Agent and agentless systems, trust, and how to maintain it

Finally, this trust issue ties into the way that CrowdStrike and other EDR services operate through an agent-based model. CrowdStrike’s Falcon Sensor, the system that broke on Friday, is one such agent. In order to do their job, CrowdStrike’s agent needs to be on every system being protected, in order to detect malware, block exploits, and find indicators of attack. But in doing so, that strength can become a weakness. Every system with the Falcon Sensor installed was vulnerable to this flawed update, and all that were online to receive it were affected, 8.5 million of them. As we touched on above, Microsoft has associated the problem with its 2009 deal with the European Union, arguing that had CrowdStrike been only able to run in the user-space, rather than kernel level, such an incident could not occur. While some have tied a kernel panic issue that occurred on Linux machines running CrowdStrike’s Falcon Sensor in April, in some Red Hat and Debian linux distros, it appears that it was actually a Linux kernel bug operating in user-space that caused the problem. Rather than undercutting Microsoft’s claim, it seems to lend credence to it, as MacOS devices, which have not allowed third-party kernel access since 2020, were not affected.

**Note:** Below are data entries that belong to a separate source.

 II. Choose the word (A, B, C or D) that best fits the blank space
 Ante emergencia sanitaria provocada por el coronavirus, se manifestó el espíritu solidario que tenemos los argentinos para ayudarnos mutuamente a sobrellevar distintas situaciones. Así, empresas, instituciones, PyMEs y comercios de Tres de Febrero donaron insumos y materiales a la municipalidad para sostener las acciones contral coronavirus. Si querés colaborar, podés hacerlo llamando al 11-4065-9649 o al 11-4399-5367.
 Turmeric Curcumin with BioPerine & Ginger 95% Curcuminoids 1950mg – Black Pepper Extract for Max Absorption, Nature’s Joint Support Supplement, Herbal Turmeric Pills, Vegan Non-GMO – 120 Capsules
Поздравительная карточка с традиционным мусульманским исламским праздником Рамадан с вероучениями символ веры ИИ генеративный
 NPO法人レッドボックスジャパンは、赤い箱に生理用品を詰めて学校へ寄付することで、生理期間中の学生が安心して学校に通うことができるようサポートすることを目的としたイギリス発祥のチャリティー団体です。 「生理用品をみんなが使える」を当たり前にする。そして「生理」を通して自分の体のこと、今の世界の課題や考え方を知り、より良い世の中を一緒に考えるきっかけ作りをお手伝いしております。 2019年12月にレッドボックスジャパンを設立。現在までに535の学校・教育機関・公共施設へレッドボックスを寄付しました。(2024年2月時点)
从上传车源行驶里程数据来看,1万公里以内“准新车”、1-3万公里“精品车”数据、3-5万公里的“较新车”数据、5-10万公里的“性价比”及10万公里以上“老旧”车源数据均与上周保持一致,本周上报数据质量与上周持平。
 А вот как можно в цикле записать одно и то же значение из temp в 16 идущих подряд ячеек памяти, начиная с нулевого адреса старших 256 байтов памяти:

While there will always be a need for agent-based models such as how CrowdStrike operates, there is potential for change in the wake of this incident. We may see a push by Microsoft to revert back to before its 2009 agreement in order to reclaim exclusive access to kernel-level operations, or we may see a shift in how much security teams are willing to trust third-party vendors to operate in that space, instead moving to a user-space level API model. Finally, another alternative exists, with not every system having a tool like the Falcon Sensor installed and instead providing agentless detection and remediation capabilities, in cases where that is a possibility.

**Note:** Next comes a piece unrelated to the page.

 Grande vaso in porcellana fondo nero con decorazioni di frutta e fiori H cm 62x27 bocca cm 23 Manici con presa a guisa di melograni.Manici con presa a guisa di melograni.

Both options, agents, and agentless, require a significant amount of trust. Either in installing software from a trusted third-party vendor at an incredibly deep level across the enterprise, or trusting a third-party like SixMap to remotely access a system and deploy a patch to a production environment without using agents. It remains to be seen when we look back on this incident 5 years from now if there is a shift away from kernel-level access for security products and how much the security landscape evolves in terms of agent versus agentless approaches.